Data to process:

· · · · ·

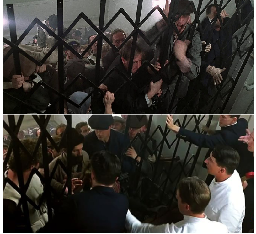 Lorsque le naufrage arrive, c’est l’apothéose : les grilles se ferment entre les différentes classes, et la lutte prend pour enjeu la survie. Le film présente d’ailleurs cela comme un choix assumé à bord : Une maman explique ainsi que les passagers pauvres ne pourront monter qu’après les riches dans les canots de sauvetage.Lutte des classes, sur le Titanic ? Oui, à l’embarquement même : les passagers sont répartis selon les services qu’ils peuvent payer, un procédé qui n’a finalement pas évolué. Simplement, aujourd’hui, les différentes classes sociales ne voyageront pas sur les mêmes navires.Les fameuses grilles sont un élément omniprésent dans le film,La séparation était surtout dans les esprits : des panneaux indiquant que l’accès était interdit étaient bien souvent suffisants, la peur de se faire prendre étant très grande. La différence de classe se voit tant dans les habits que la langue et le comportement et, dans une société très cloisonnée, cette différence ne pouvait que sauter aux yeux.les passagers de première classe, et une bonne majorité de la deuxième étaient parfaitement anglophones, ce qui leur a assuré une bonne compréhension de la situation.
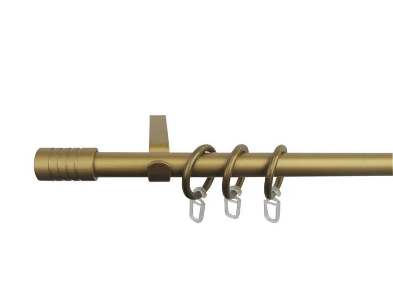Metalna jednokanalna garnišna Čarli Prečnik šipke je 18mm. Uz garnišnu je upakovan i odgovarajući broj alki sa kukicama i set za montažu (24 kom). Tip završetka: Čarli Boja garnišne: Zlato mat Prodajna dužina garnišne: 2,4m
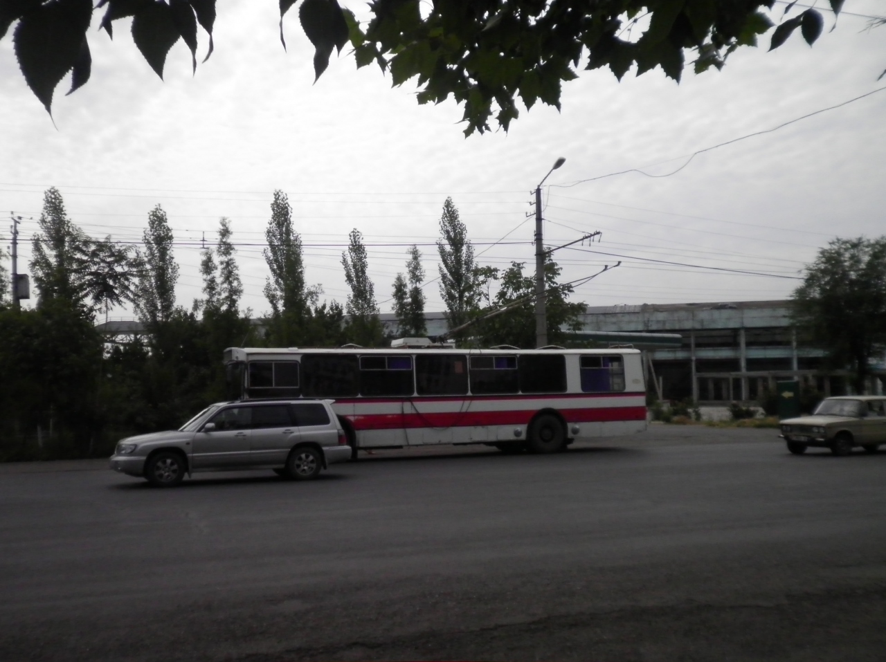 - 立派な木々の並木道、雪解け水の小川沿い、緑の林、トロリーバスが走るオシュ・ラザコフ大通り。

· · · · ·

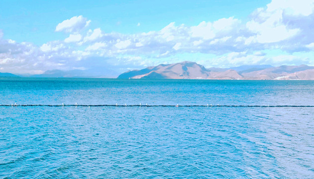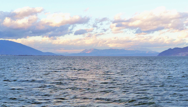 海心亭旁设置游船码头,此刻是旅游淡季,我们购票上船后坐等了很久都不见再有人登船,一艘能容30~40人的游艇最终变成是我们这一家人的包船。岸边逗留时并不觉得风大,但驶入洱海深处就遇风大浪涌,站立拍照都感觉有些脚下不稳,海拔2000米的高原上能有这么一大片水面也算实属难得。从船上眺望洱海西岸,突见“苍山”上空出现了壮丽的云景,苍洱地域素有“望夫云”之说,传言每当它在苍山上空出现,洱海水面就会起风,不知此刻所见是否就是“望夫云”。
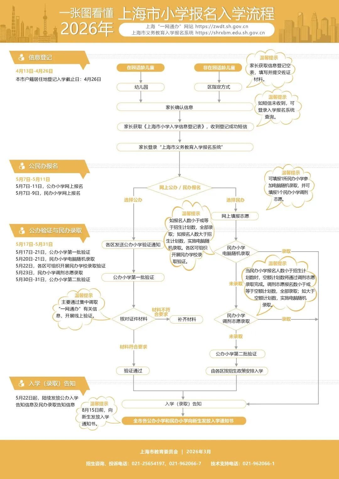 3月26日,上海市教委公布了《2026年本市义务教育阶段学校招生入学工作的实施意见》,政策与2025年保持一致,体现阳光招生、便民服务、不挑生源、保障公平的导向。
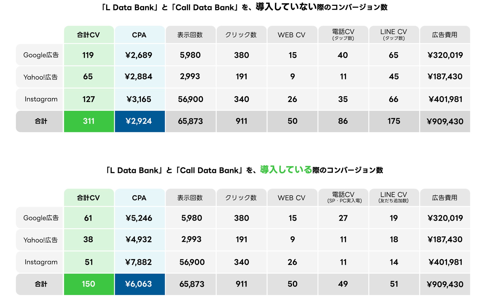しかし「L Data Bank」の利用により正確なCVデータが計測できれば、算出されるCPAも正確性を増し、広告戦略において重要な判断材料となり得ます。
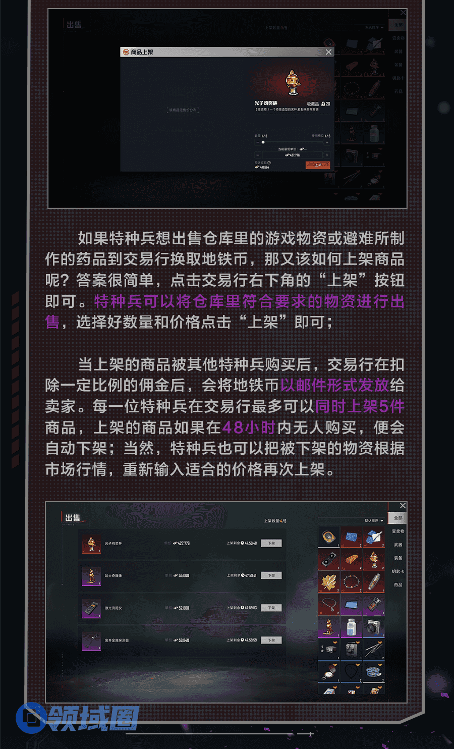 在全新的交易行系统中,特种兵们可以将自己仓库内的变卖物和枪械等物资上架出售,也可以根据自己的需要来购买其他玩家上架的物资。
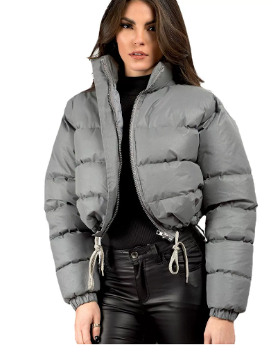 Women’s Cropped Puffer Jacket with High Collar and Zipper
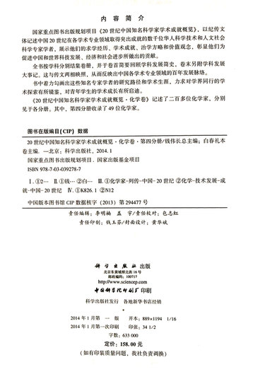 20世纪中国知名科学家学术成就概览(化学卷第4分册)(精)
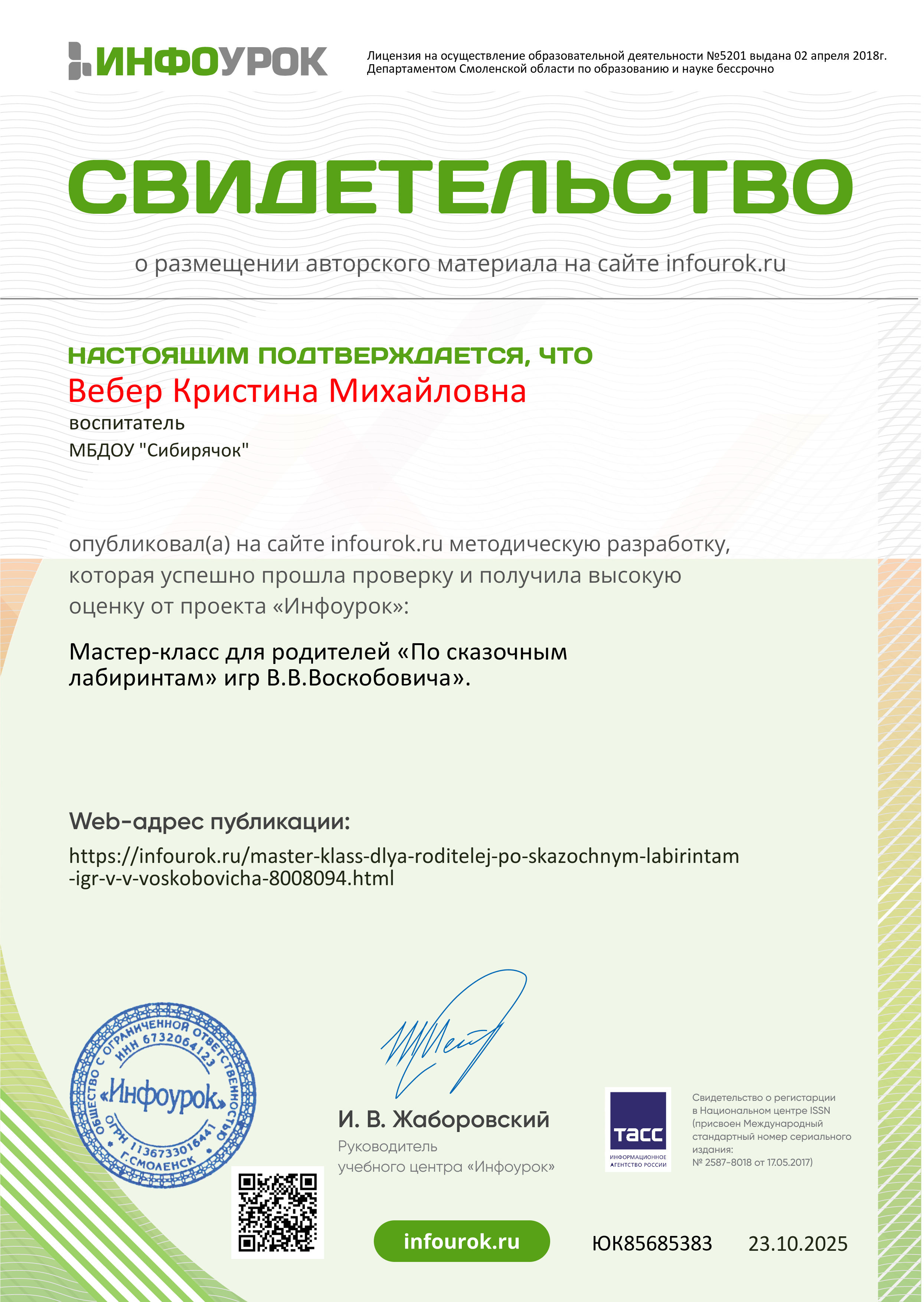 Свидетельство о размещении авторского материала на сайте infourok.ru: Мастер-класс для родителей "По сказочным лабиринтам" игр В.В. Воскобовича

· · · · ·

Exercise: Starting at the line above that holds "Lorsque le naufrage", repeat every line exactly down to and including the line that holds "- 立派な木々の並木道、雪解", then stop. Do not carry over any pictures.

Completed exercise:
 Lorsque le naufrage arrive, c’est l’apothéose : les grilles se ferment entre les différentes classes, et la lutte prend pour enjeu la survie. Le film présente d’ailleurs cela comme un choix assumé à bord : Une maman explique ainsi que les passagers pauvres ne pourront monter qu’après les riches dans les canots de sauvetage.Lutte des classes, sur le Titanic ? Oui, à l’embarquement même : les passagers sont répartis selon les services qu’ils peuvent payer, un procédé qui n’a finalement pas évolué. Simplement, aujourd’hui, les différentes classes sociales ne voyageront pas sur les mêmes navires.Les fameuses grilles sont un élément omniprésent dans le film,La séparation était surtout dans les esprits : des panneaux indiquant que l’accès était interdit étaient bien souvent suffisants, la peur de se faire prendre étant très grande. La différence de classe se voit tant dans les habits que la langue et le comportement et, dans une société très cloisonnée, cette différence ne pouvait que sauter aux yeux.les passagers de première classe, et une bonne majorité de la deuxième étaient parfaitement anglophones, ce qui leur a assuré une bonne compréhension de la situation.
Metalna jednokanalna garnišna Čarli Prečnik šipke je 18mm. Uz garnišnu je upakovan i odgovarajući broj alki sa kukicama i set za montažu (24 kom). Tip završetka: Čarli Boja garnišne: Zlato mat Prodajna dužina garnišne: 2,4m
 - 立派な木々の並木道、雪解け水の小川沿い、緑の林、トロリーバスが走るオシュ・ラザコフ大通り。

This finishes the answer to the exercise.